We hoped inflation had already peaked, like all the popular kids in high school. But we were wrong.
Like all the popular kids in high school, we hoped inflation had already peaked. But we were wrong, just like you were wrong about high-school quarterback Russell, who’s outearning you by 3x.
Top-line inflation reached 8.6% annually in May, up 1% since April to be the highest annual inflation rate since 1981. When you strip out food and energy prices—two of the most significant contributors to inflation growth—core inflation is running at an even 6%, up 0.6% over April. Both rates came in above economist expectations—and this isn’t the type of report card where you want to exceed expectations. The data comes from today’s Consumer Price Index (CPI) report from the U.S. Bureau of Labor Statistics.

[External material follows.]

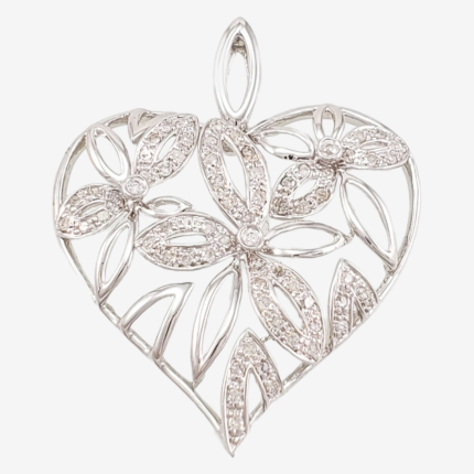 Dije Corazon con Petalos y Diamantes – Oro Blanco 14Kts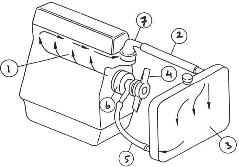 Mesin/motor dihidupkan, maka terjadi proses pembakaran di dalam silinder yang berulang-ulang, temperatur mesin dan air pendingin semakin meningkat. Bersamaan dengan itu, pompa air (6) berputar, maka terjadi sirkulasi air hanya di dalam rongga blok motor dan kepala silinder (1). Air tidak dapat bersirkulasi melewati radiator (3), karena termostat (7) masih tertutup. Oleh karena sirkulasi air hanya di dalam mesin/motor dan air tidak didinginkan radiaitor, maka mesin/motor dan air menjadi cepat panas, cepat mencapai temperatur kerja (80°C s.d 1000 C).

Oil prices, food, and shelter played major roles in this month’s CPI reading. On a seasonally adjusted basis, unless otherwise noted:
- Natural gas prices rose 8%, the largest monthly increase since 2005. All gas prices were up 4.1%, though they were down 6.1% in April.
- Energy prices rose 3.9% after falling 2.7% in April.
- Food prices rose 1.2%, with marked increases in staples like coffee (+15.3% on a non-seasonally adjusted basis) and fresh whole milk (+15.9% on a non-seasonally adjusted basis).
- The cost of shelter increased by 0.6%, the largest monthly increase since 2004.
The yield curve flattened on the whack inflation news as investors expect the Federal Reserve to continue its interest rate hikes, which are supposed to tamp inflation growth.